I quickly realized I didn't need to understand the old code at all. My entire focus was on whether the new code was faithful to the spec. This is the future: our value will be in demonstrating correctness through verification, while the code itself becomes an implementation detail handled by an agent.
I could argue that our main job was always that - defining and verifying behavior. As in, it was a large part of the job. Time spent on writing implementation details have always been on a downward trend via higher level languages, compilers and other abstractions.
This may be true, but see Postel's Law, that says that the observed behavior of a heavily-used system becomes its public interface and specification, with all its quirks and implementation errors. It may be important to keep testing that the clients using the code are also faithful to the spec, and detect and handle discrepancies.
But.. I hate this. I hate the idea of learning to manage the machine's context to do work. This reads like a lecture in an MBA class about managing certain types of engineers, not like an engineering doc.
Never have I wanted to manage people. And never have I even considered my job would be to find the optimum path to the machine writing my code.
Maybe firmware is special (I write firmware)... I doubt it. We have a cursor subscription and are expected to use it on production codebases. Business leaders are pushing it HARD. To be a leader in my job, I don't need to know algorithms, design patterns, C, make, how to debug, how to work with memory mapped io, what wear leveling is, etc.. I need to know 'compaction' and 'context engineering'
I feel like a ship corker inspecting a riveted hull
For them is the world, for us it means nothing.
It also helps starting small, get something useful done and iterate by adding more features overtime (or keeping it small).
It's not at senior engineer level until it asks relevant questions about lacking context instead of blindly trying to solve problems IMO.
the key part was really just explicitly thinking about different levels of abstraction at different levels of vibecoding. I was doing it before, but not explicitly in discrete steps and that was where i got into messes. The prior approach made check pointing / reverting very difficult.
When i think of everything in phases, i do similar stuff w/ my git commits at "phase" levels, which makes design decision easier to make.
I also do spend ~4-5 hours cleaning up the code at the very very end once everything works. But its still way faster than writing hard features myself.
Like yes vibecoding in the lovable-esque "give me an app that does XYZ" manner is obviously ridiculous and wrong, and will result in slop. Building any serious app based on "vibes" is stupid.

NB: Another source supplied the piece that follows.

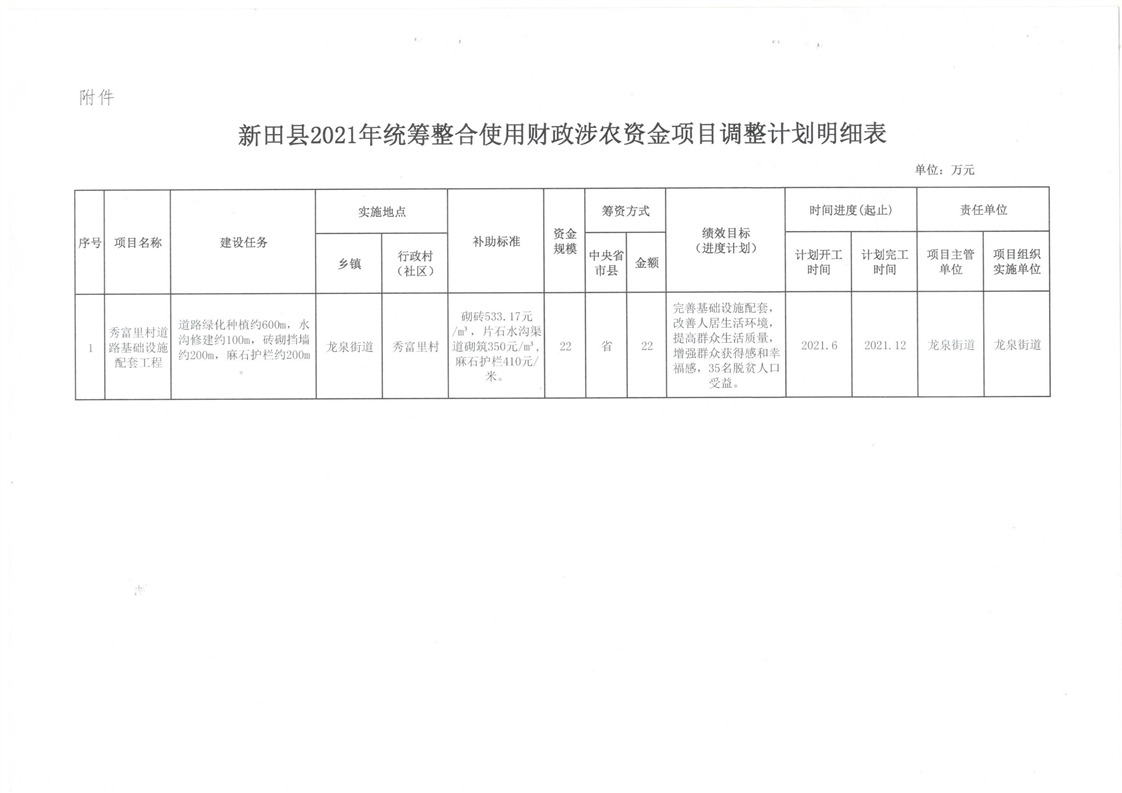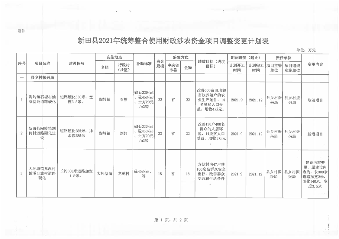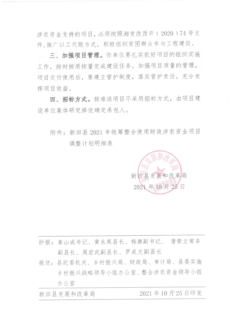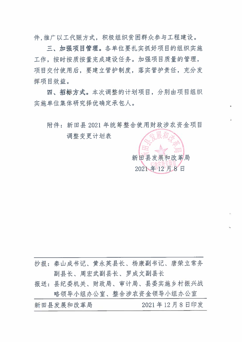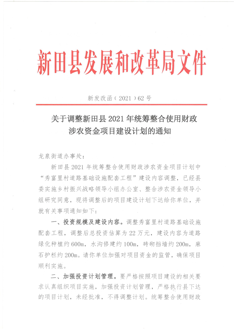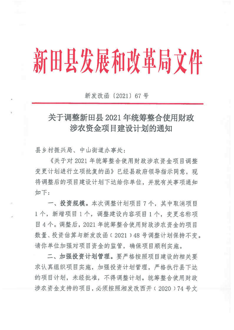关于调整新田县2021年统筹整合使用财政涉农资金项目建设计划的通知
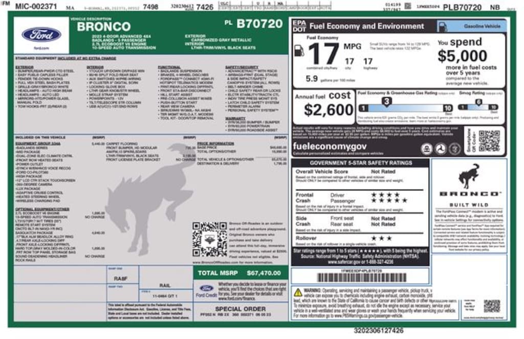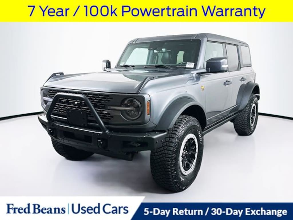 2023 Ford Bronco Badlands 2.7L EcoBoost V6 10-Speed Automatic 4WD 4D Sport Utility Carbonized Gray Metallic Ford Gold Certified, 7 Year / 100k Powertrain Warranty, 12 Month / 12,000 Mile Comprehensive Warranty, 12" LCD Capacitive Touchscreen w/Swipe Capability, 2 Smart Charging USB Ports In Dashboard, 2-Door Intelligent Access w/Lock/Unlock, 360-Degree Camera, 4.7 Final Drive Ratio, Adaptive Cruise Control, Additional Sound Deadening, Ambient Footwell Lighting, Auto-Dimming Interior Rear-View Mirror, Connected Built-In Navigation, Dr & Pass Illuminated Sliding Visor Vanity Mirrors, Dual-Zone Electronic Automatic Temperature Control, Enhanced Voice Recognition, Equipment Group 334A Lux Package, Evasive Steering Assist, Front Parking Sensors, Front Row Heated Seats, Hard Top Sound Deadening Headliner, Heated door mirrors, Heated Steering Wheel, High Clearance Fender Flares, High Clearance Suspension, Information on Demand Panel, Position-Sensitive Bilstein Shock Absorbers, Power door mirrors, Power Outlet - Back Side of Center Floor Console, Power windows, Radio: B&O Sound System by Bang & Olufsen, Rear Parking Sensors, Remote keyless entry, Sasquatch Package, Sideview Mirrors, SiriusXM Radio w/360L, Tilt steering wheel, Universal Garage Door Opener, Wheels: 17" Black High Gloss-Painted Aluminum, Wireless Charging Pad.

But if you're doing this right, you are not "coding" in any traditional sense of the word, and you are *definitely* not relying on vibes
Maybe we need a new word
If you're properly reviewing the code, you're programming.
The challenge is finding a good term for code that's responsibly written with AI assistance. I've been calling it "AI-assisted programming" but that's WAY too long.
i've also heard "aura coding", "spec-driven development" and a bunch of others I don't love.
but we def need a new word cause vibe coding aint it
I've said this repeatedly, I mostly use it for boilerplate code, or when I'm having a brain fart of sorts, I still love to solve things for myself, but AI can take me from "I know I want x, y, z" to "oh look I got to x, y, z in under 30 minutes, which could have taken hours. For side projects this is fine.
I think if you do it piecemeal it should almost always be fine. When you try to tell it to do two much, you and the model both don't consider edge cases (Ask it for those too!) and are more prone for a rude awakening eventually.
If AI is so groundbreaking, why do we have to have guides and jump through 3000 hoops just so we can make it work?
This is the new world we live in. Anyone who actually likes coding should seriously look for other venues because this industry is for other type of people now.
I use AI in my job. I went from tolerable (not doing anything fancy) to unbearable.
I'm actually looking to become a council employee with a boring job and code my own stuff, because if this is what I have to do moving forward, I rather go back to non-coding jobs.
Also quite funny that one of the latest commits is "ignore some tests" :D
> While the cancelation PR required a little more love to take things over the line, we got incredible progress in just a day.
Sorry, had they effectively estimated that an engineer should produce 4-6KLOC per day (that's before genAI)?
> We've gotten claude code to handle 300k LOC Rust codebases, ship a week's worth of work in a day, and maintain code quality that passes expert review.
This seems more like delegation just like if one delegated a coding task to another engineer and reviewed it.
> That in two years, you'll be opening python files in your IDE with about the same frequency that, today, you might open up a hex editor to read assembly (which, for most of us, is never).
This seems more like abstraction just like if one considers Python a sort of higher level layer above C and C a higher level layer above Assembly, except now the language is English.
Can it really be both?
You'll also note that while I talk about "spec driven development", most of the tactical stuff we've proven out is downstream of having a good spec.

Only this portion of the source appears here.